The report continues that "we did not conclude that the computer system was
the cause of the belated production of documents. The FBI's computer system is
antiquated and in need of substantial improvement, but we found that human
error, not the inadequate computer system, was the chief cause of the failure to
provide the defense with these items. The failures that we observed stemmed from
individual mistakes, the FBI’s complex document processing systems,
inconsistent interpretations of FBI policies and procedures, agents' failures to
follow FBI policies, agents' lack of understanding of the unusual discovery
agreement in this case, and the tremendous volume of material being processed
within a short period of time."
However, the OIG report states that "We also recommend substantially
enhanced computer training and suggest that the FBI should consider making
computer usage part of the core skills needed to graduate from the new agents
training academy."
Sen. Grassley added that "the McVeigh case reveals a management meltdown.
Documents were mishandled, procedures were ignored, and when mistakes were
discovered, supervisors in the field covered them up and managers in
headquarters promoted those responsible. ... Those problems jeopardize criminal
investigations."
Verizon Withdraws New Jersey Long Distance Application
3/19. Verizon withdrew its Section 271
application to Federal Communications Commission
(FCC) to provide in region interLATA service in the state of New Jersey. It
stated in a letter
[PDF] to the FCC that "process concerns have been raise with respect to an
issue that has been the focus of dispute between the parties -- the
non-recurring charge for performing a hot cut. To address these concerns,
Verizon hereby provides notice that it is withdrawing its application and will
shortly file to initiate a new application."
A hot cut is the process used to disconnect a line over which a customer already
is receiving service and to connect it to another carrier's switch.
Verizon SVP Tom Tauke stated in a release
that "Verizon will refile promptly". This is CC Docket No. 01-347.
9th Circuit Rules in AT&T v. Coeur D'Alene Tribe 3/19. The U.S.
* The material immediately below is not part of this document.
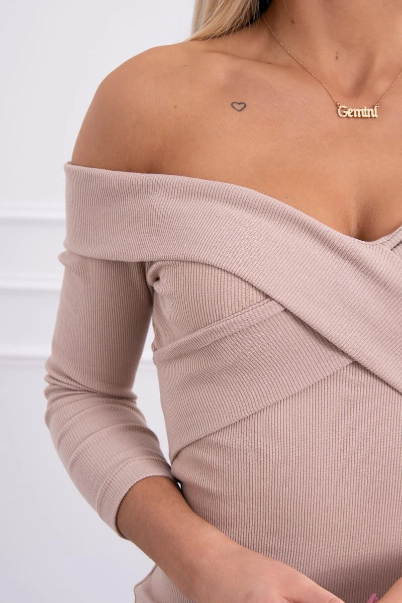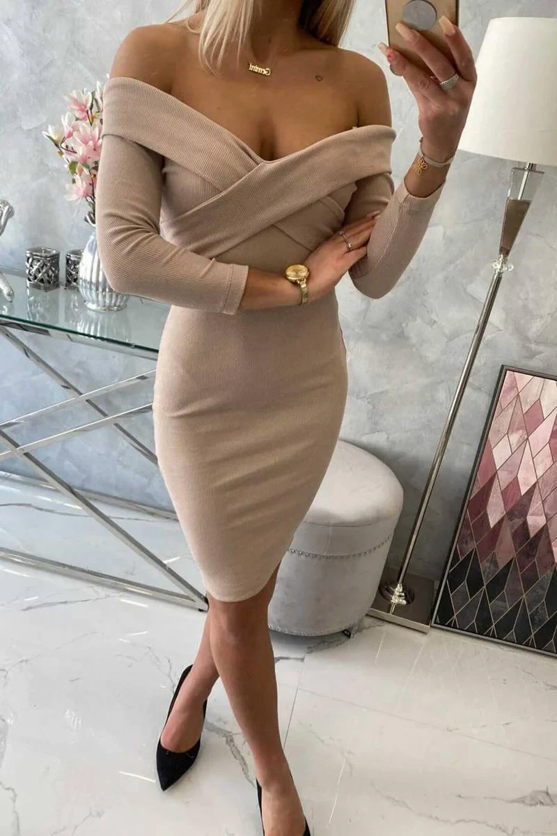 Přiléhavé šaty s výstřihem do V světle béžové barvy

Court of Appeals (9thCir) issued its opinion
in AT&T
v. Coeur D'Alene Tribe, a case regarding whether AT&T must
provide toll free telephone service to an Indian tribe's gambling lottery that
is offered interstate by telephone. The case involves the jurisdiction of
federal and tribal courts, the Indian Gaming Regulatory Act (IGRA), gambling
law, and telecommunications law.
The Coeur D'Alene Tribe engages in gambling activities pursuant to
the Indian Gaming Regulatory Act, 25 U.S.C. § 2701 et
seq. It created a National Indian Lottery that allowed off reservation
participants to purchase tickets by telephone from outside of the state of
Idaho. It sought toll free telephone service from AT&T
for this lottery. AT&T refused, citing 18 U.S.C.§ 1084(d),
which provides, in part that "When any common carrier, subject to the
jurisdiction of the Federal Communications
Commission, is notified in writing by a Federal, State, or local law
enforcement agency, acting within its jurisdiction, that any facility furnished
by it is being used or will be used for the purpose of transmitting or receiving
gambling information in interstate or foreign commerce in violation of Federal,
State or local law, it shall discontinue or refuse, the leasing, furnishing, or
maintaining of such facility ..." It had received such letters from states.
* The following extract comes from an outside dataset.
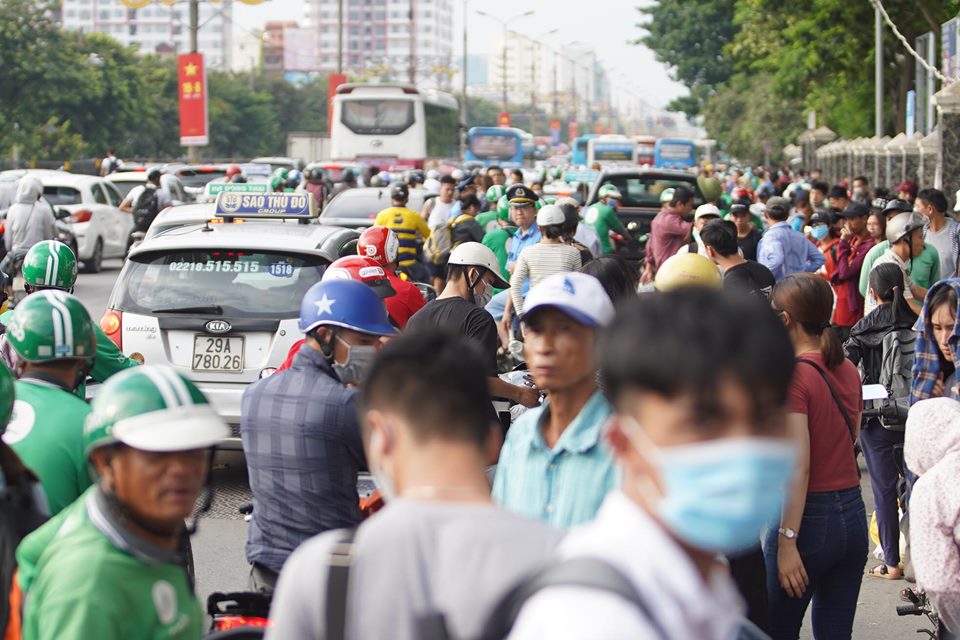 Khu vực trước cổng Bến xe Mỹ Đình nhiều phương tiện chen chúc xếp hàng, người dân đổ ra đường bắt taxi, gây ra cảnh ùn ứ, phương tiện di chuyển qua lại khó khăn.

The tribe filed a complaint in the Coeur D'Alene tribal court against AT&T
seeking declaratory and injunctive relief pursuant to the common carrier
obligations of the Communications Act. The Act, at 47 U.S.C. § 201(a)
provides, in part, that "It shall be the duty of every common carrier
engaged in interstate or foreign communication by wire or radio to furnish such
communication service upon reasonable request therefor ..." The tribal
court held that the telephone lottery was lawful under the IGRA, and enjoined
AT&T from refusing to provide the requested service.
AT&T then filed a complaint in U.S.
District Court (DIdaho) against the tribe challenging the jurisdiction of
the tribal court, and its interpretation of federal statutes. The District Court
did not address tribal jurisdiction, but granted AT&T declaratory relief
that it was not obligated to provide the toll free service, since the lottery
was illegal for allowing off reservation participation.
The Court of Appeals held that the tribal court lacked jurisdiction, but
reversed the District Court holding that the lottery violated the IGRA. It
reversed and remanded. Judge Betty Fletcher wrote the opinion. Judge Ronald
Gould dissented in part. He would have also affirmed the District Court's
holding that the lottery was illegal.
People and Appointments
3/19. John Bruckner joined the Austin office of the law firm of Gray Cary.
He was previously counsel in the Austin office of Fulbright & Jaworski. He is a patent
attorney who focuses on software, electronics and materials science industry.
See, Gray Cary
release.
3/19. Neal
Dittersdorf joined the Washington DC office of the Venable law firm as counsel in the Business
Transactions and Corporate Technology practices. He focuses on information
technology, outsourcing, software, e-commerce and other technology matters. See.
Venable release.
3/19. James Miller joined the Washington DC office of the the law firm of
Howrey
Simon law firm as head of its Capitol Consulting group. He was Chairman of
the Federal Trade Commission (FTC) during the
first Reagan administration, and Director of the Office of Management and Budget (OMB)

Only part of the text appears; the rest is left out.